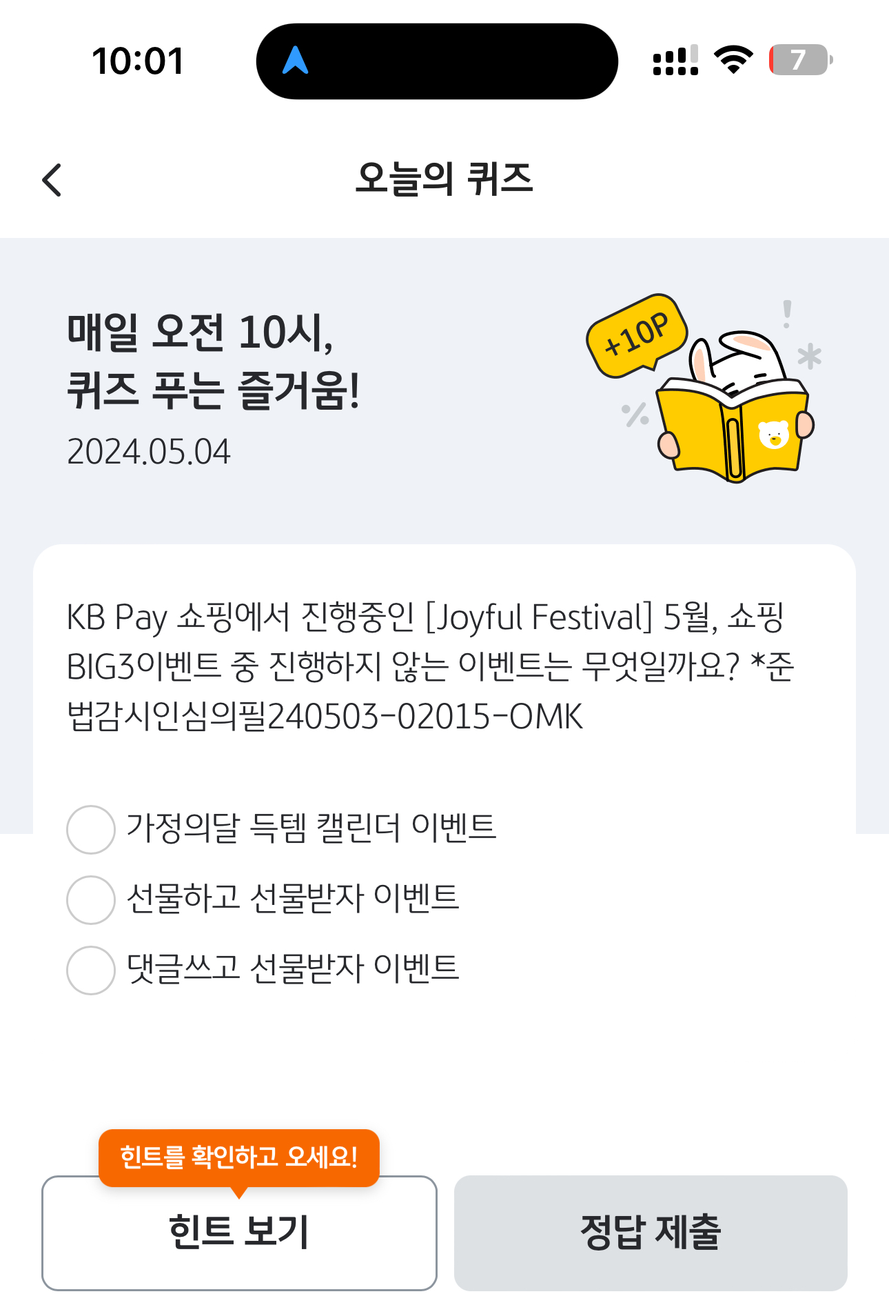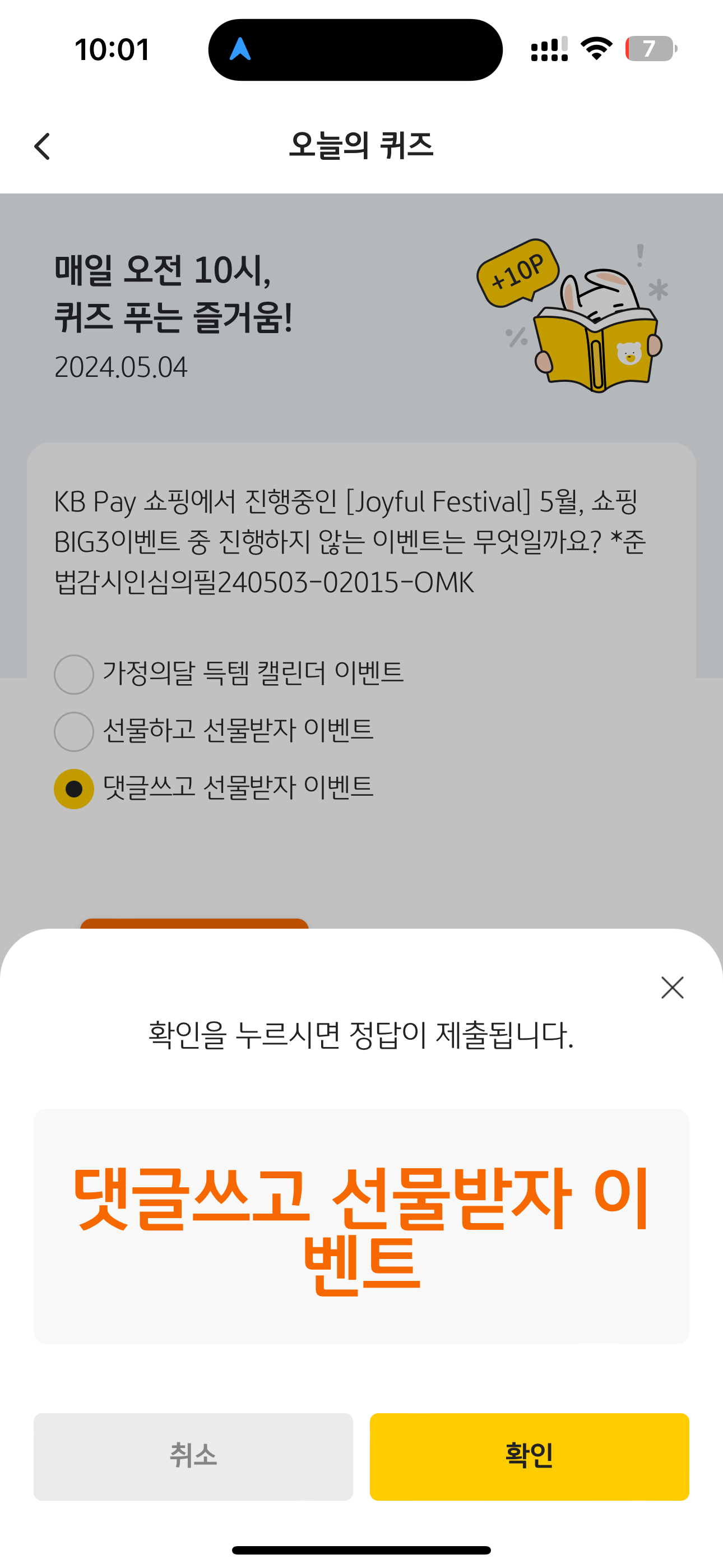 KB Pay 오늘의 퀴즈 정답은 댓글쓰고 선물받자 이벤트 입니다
---
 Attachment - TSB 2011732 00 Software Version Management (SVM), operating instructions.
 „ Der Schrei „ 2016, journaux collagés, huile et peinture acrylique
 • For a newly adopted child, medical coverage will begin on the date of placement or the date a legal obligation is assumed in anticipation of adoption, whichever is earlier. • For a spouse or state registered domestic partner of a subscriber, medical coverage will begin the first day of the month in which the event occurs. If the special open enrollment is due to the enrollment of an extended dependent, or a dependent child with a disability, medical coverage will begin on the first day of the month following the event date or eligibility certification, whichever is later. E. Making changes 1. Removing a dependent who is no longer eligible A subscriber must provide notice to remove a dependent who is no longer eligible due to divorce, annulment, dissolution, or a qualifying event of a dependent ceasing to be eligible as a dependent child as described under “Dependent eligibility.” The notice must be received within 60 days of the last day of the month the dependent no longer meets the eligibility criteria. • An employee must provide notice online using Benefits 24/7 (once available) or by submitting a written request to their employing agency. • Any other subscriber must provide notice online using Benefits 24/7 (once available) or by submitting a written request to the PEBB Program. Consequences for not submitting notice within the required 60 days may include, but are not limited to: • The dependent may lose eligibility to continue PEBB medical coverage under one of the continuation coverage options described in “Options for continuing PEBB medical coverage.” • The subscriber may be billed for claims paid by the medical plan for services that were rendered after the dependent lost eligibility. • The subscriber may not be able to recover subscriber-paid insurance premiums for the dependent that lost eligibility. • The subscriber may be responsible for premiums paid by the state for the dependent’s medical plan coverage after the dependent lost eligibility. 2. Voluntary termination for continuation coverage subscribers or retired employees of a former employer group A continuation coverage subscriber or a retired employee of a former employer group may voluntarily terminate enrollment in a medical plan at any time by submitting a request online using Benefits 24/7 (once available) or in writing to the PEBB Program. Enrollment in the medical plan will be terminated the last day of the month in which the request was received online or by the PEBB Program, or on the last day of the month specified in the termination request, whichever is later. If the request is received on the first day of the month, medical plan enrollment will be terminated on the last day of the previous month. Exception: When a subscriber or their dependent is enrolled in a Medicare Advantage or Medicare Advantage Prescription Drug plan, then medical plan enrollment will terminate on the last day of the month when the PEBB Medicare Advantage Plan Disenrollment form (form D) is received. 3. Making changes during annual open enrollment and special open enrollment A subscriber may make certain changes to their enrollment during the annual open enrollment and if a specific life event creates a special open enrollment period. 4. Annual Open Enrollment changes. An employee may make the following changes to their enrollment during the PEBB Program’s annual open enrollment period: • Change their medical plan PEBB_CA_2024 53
* * *
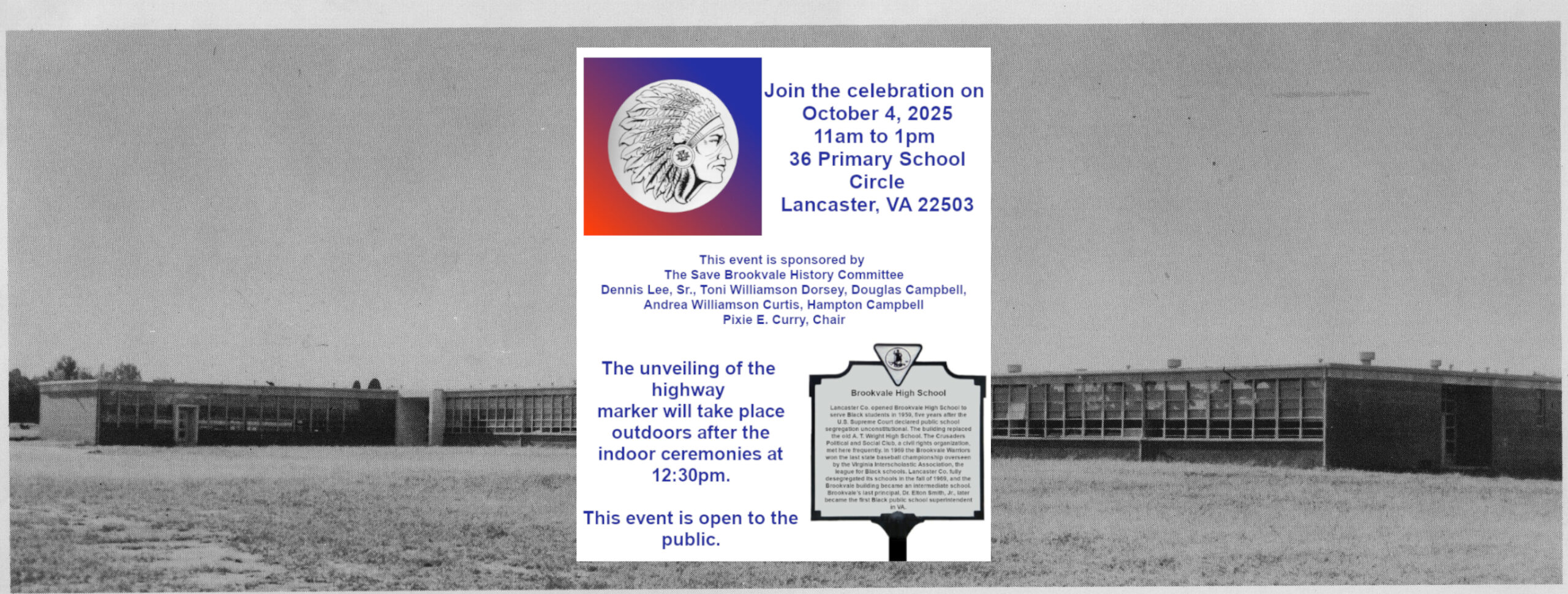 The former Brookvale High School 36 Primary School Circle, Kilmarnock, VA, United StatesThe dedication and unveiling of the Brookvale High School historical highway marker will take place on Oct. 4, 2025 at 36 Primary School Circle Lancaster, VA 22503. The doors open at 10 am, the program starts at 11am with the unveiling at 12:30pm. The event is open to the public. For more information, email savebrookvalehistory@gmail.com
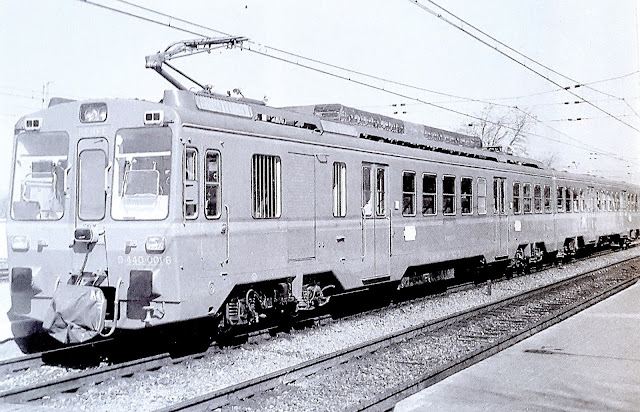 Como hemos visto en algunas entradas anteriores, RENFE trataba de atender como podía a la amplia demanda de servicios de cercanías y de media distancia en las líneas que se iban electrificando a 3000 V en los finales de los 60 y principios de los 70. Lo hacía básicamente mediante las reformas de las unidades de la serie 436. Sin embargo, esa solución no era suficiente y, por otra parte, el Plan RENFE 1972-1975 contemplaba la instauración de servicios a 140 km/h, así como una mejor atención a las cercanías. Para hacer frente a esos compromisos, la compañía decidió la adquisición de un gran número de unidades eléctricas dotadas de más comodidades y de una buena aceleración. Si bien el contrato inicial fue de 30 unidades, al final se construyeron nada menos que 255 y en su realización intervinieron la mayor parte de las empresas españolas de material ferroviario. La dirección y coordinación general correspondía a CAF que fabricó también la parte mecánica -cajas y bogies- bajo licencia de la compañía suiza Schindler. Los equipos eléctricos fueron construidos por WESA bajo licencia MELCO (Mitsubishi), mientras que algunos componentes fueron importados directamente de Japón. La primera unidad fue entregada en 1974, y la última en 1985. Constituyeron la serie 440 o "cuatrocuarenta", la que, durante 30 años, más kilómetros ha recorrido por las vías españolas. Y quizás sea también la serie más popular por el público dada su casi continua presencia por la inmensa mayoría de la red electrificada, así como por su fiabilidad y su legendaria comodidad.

## Your objective
Return only the part of the records above that opens with the line containing "Attachment - TSB" and closes with the line containing "et peinture acrylique", ends included.

## Exercise answer
 Attachment - TSB 2011732 00 Software Version Management (SVM), operating instructions.
 „ Der Schrei „ 2016, journaux collagés, huile et peinture acrylique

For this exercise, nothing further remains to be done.